Auckland Animal Action spokesperson Deirdre Sims says, "We are opposed to
hunting because it is promoting violence, a disregard for animal welfare and irresponsible gun use. As New Zealander's, we should be very concerned that natives such as Pukekos and the New Zealand Grey Duck, are considered "game-birds" and can be hunted, while other natives, such as the Grey Teal Duck, are protected species yet are often shot and killed despite their endangered status."

"Game-bird" hunting is an issue which is increasingly drawing the attention and scrutiny of the New Zealand public.
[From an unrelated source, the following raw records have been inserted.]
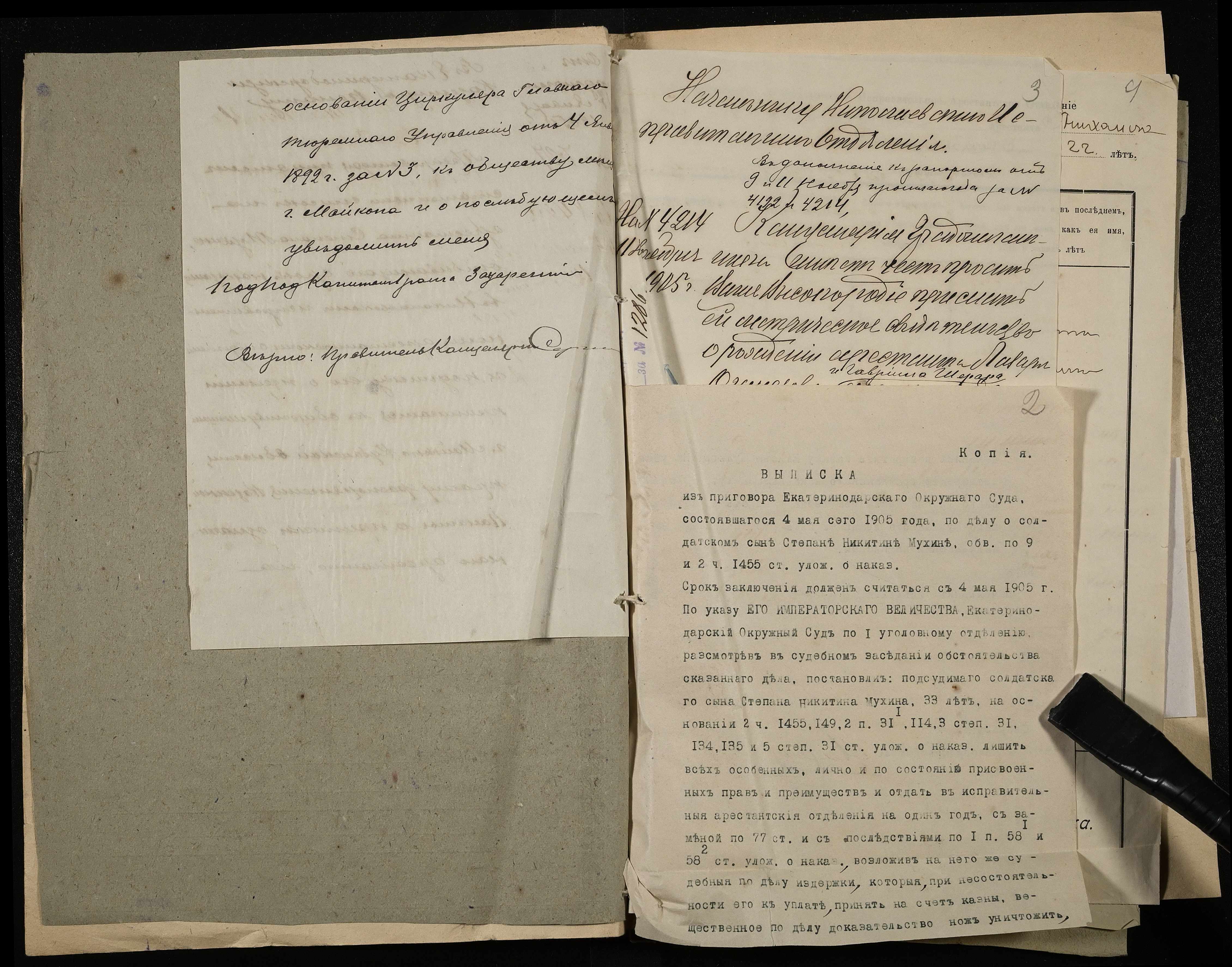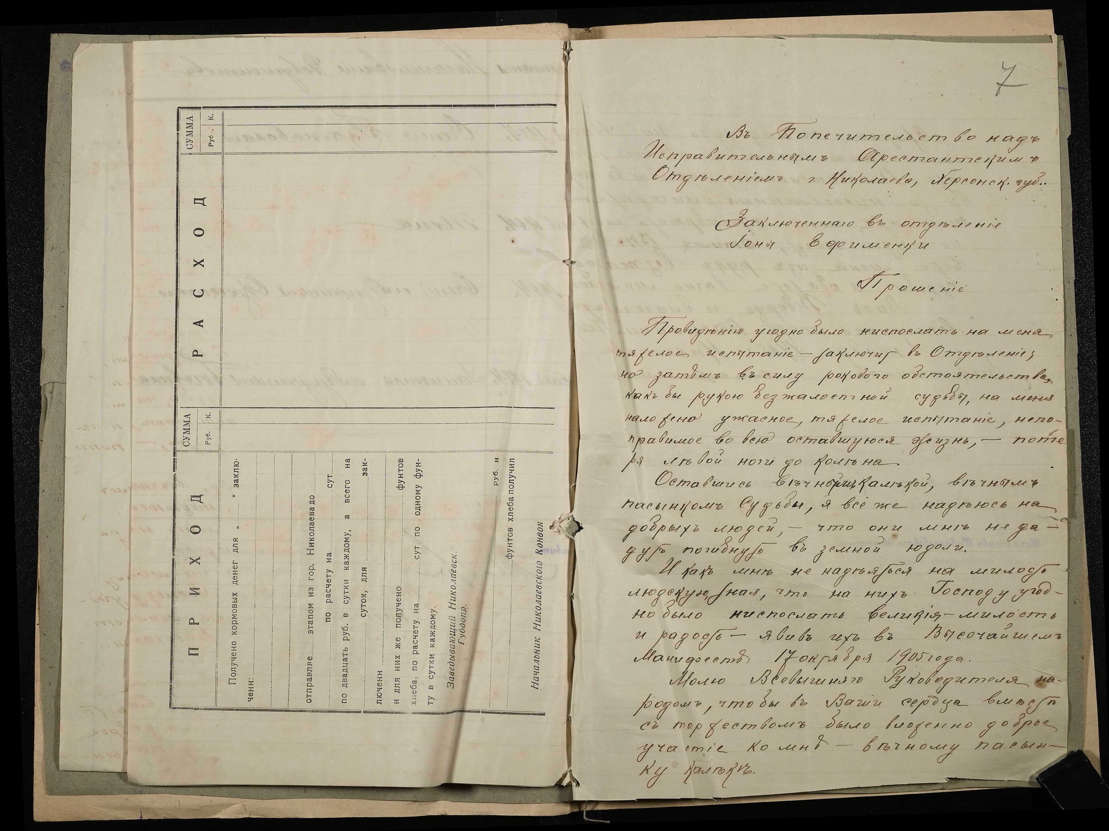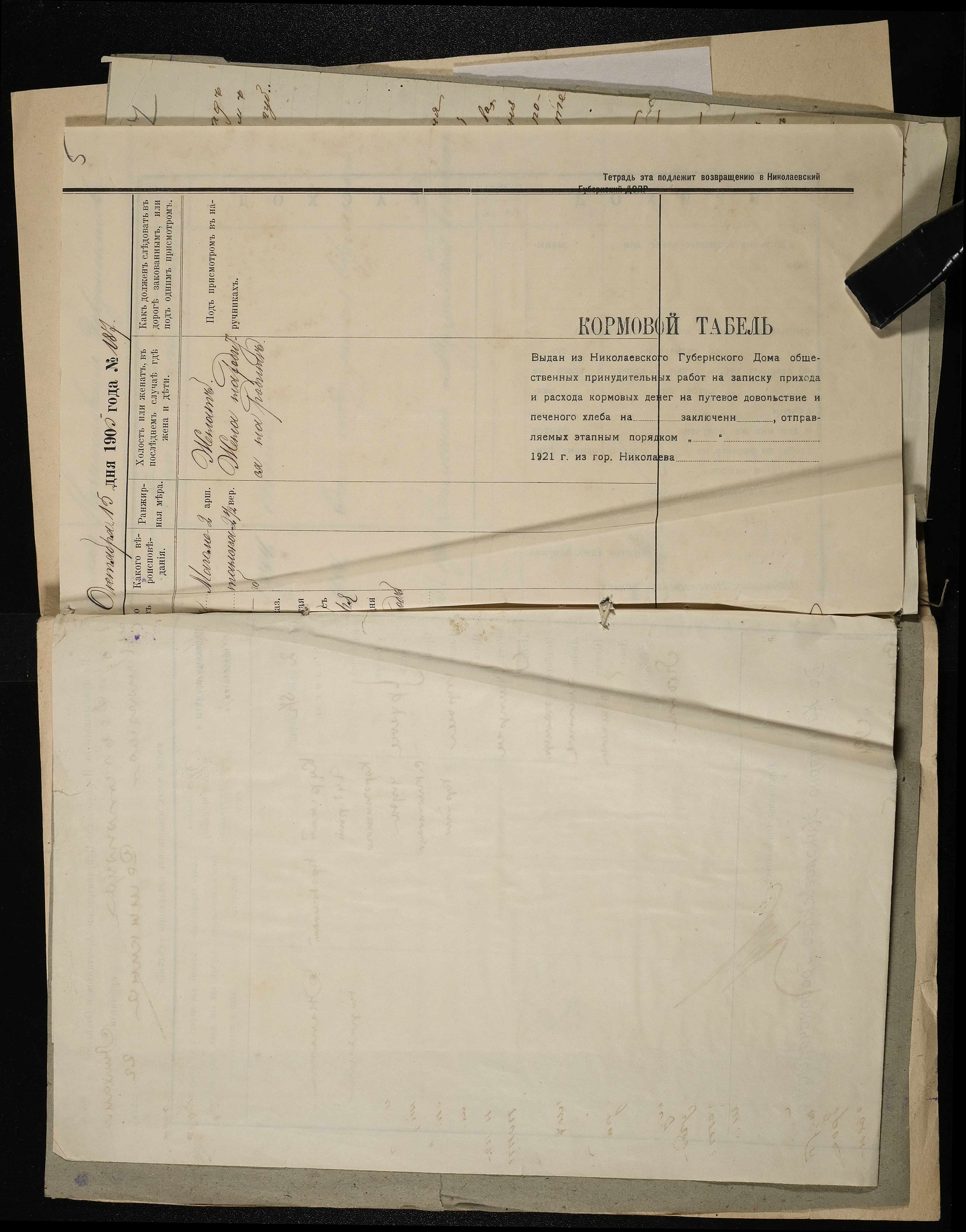• • • • Справа № 5 Витяг із вироку арештанта Мухіна С.М., статейний список на арештанта Семикіна М.М., прохання в’язня Єфименка І., кормові табелі ув’язнених
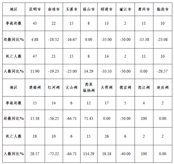 較大事故:昆明市1起、死亡3人,同比凈增加1起、3人;西雙版納州1起、死亡3人,同比凈增加1起、3人;大理州1起、同比持平,死亡8人、同比增加4人。
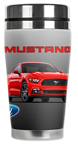Mugzie Ford Mustang Travel Mug with Insulated Wetsuit Cover, 16 oz, Red
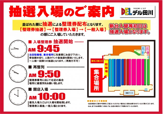 入場方法に変更がある場合は、LINEにてお知らせします。 |

While approximately forty thousand shooters will besiege wetland habitats around the nation at the start of the hunting season this weekend, Fish and Game New Zealand director Bryce Johnson has recently stated in the media that the future of hunting as it is known in New Zealand is not guaranteed.

Fish and Game are using their website to fervently encourage women and children to take up the bloodsport in an attempt to boost the declining numbers and public profile of hunters in this "current political climate" where blasting an innocent bird out of the sky with a shotgun is called into question.

"Fish and Game's attempts to lure women and children into this violent bloodsport simply exposes the overall feeling of the New Zealand public - which is that our wildlife should be celebrated and preserved, not wounded, maimed and killed in the name of sport," says Ms Sims.